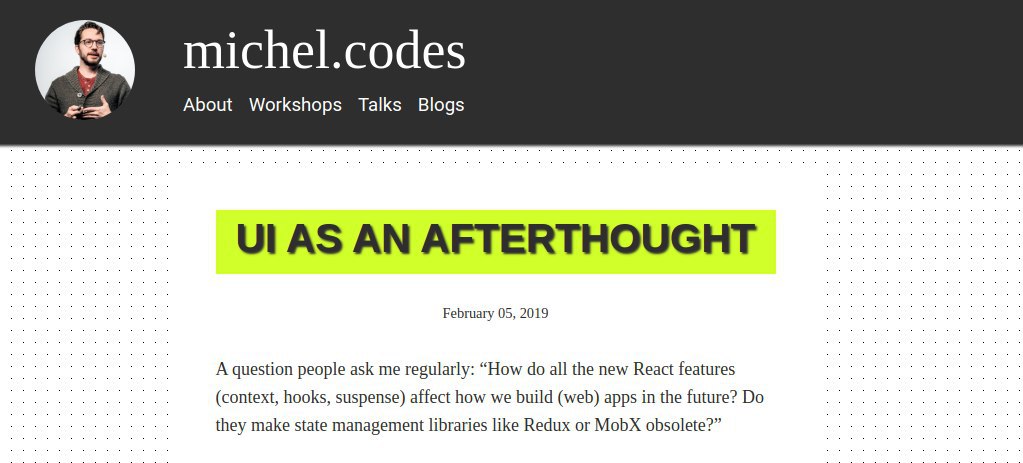 UI AS AN AFTERTHOUGHT. Интересная заметка о том, почему нужно разделять логику и представление, что лучше использовать для этого и о том, как все смешалось в современных фреймворках → http://bit.ly/2BrIm1B
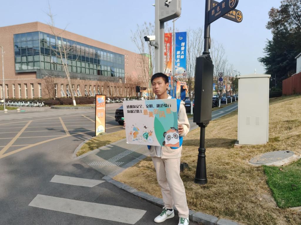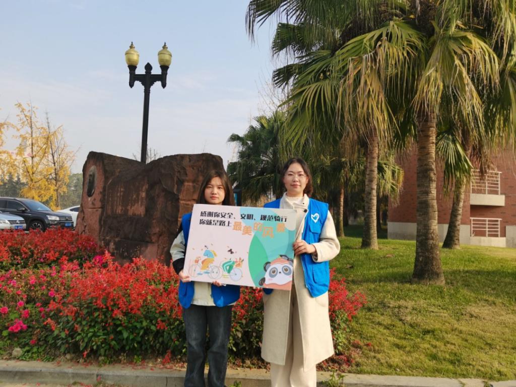 我校的电瓶车、自行车数量与日俱增,虽然便利了大家的出行,但不规范、不文明的骑车行为极大增加了交通安全隐患。此次“文明骑行”专项活动也特意涉及校内三个人流量、车流量主要汇聚区域,分别是学校南门及一教周边、新空间广场及八教桥头、综合教学楼周边。
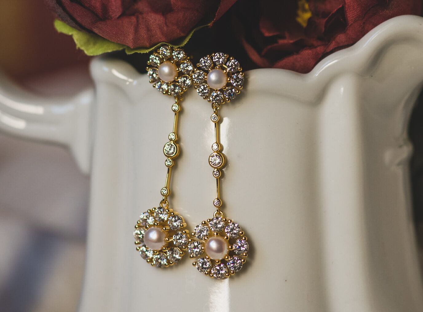 Pendientes realizados en plata bañada en oro con circonitas y dos perlas de agua dulce. Este pendiente también puede hacerse con topacio azul claro, topacio London Blue, ágata verde o granate, en lugar de perlas.
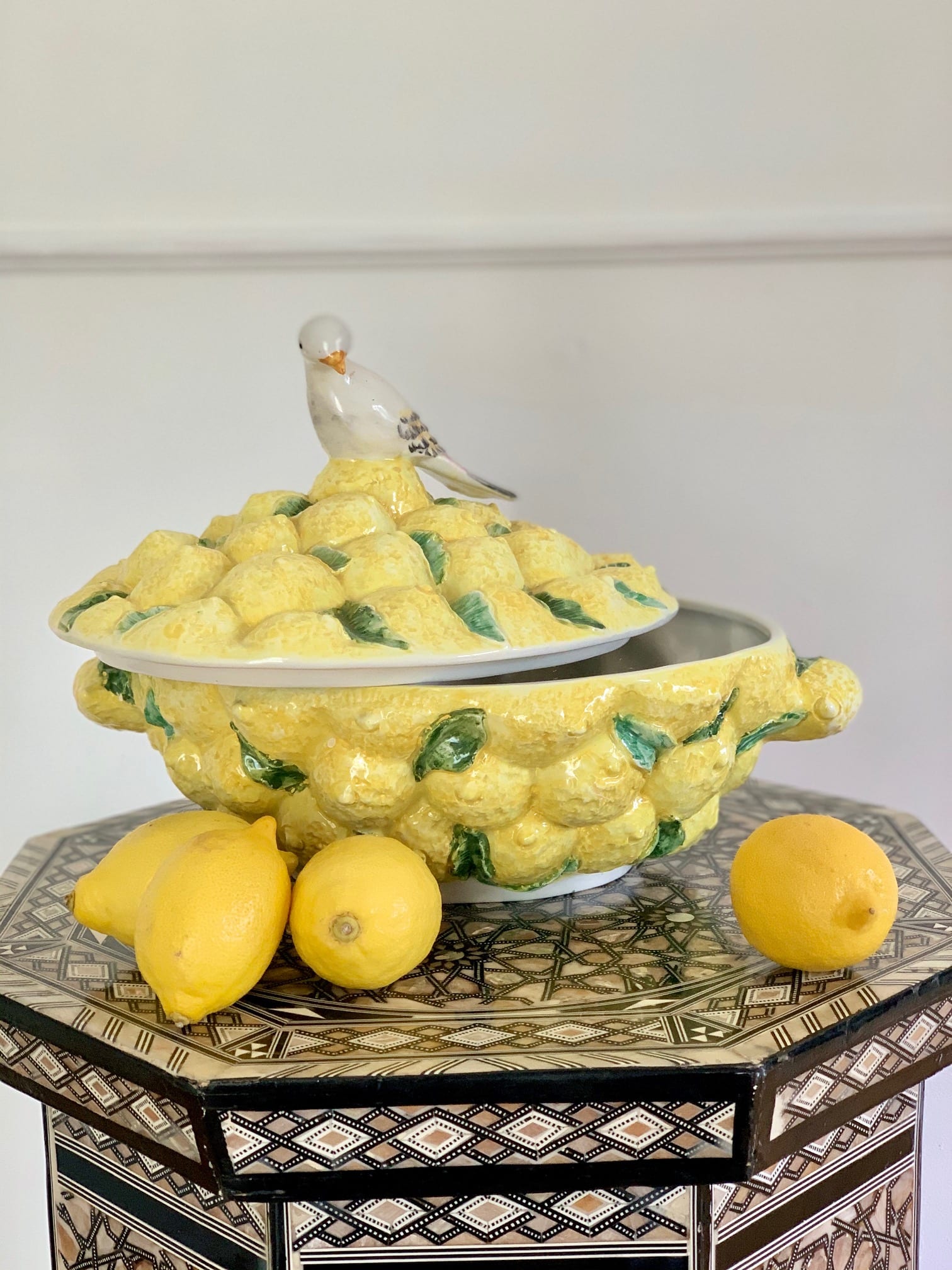 This is such a beautiful Italian lemon-encrusted Tureen dish with the prettiest Turtle Dove on top as the handle.
....
THE PROBLEM
Exactly as written, reproduce the lines from the beginning of the material through the line with "我校的电瓶车、自行车数量与日", and skip any picture.

RESULT OF THIS TASK
 UI AS AN AFTERTHOUGHT. Интересная заметка о том, почему нужно разделять логику и представление, что лучше использовать для этого и о том, как все смешалось в современных фреймворках → http://bit.ly/2BrIm1B
 我校的电瓶车、自行车数量与日俱增,虽然便利了大家的出行,但不规范、不文明的骑车行为极大增加了交通安全隐患。此次“文明骑行”专项活动也特意涉及校内三个人流量、车流量主要汇聚区域,分别是学校南门及一教周边、新空间广场及八教桥头、综合教学楼周边。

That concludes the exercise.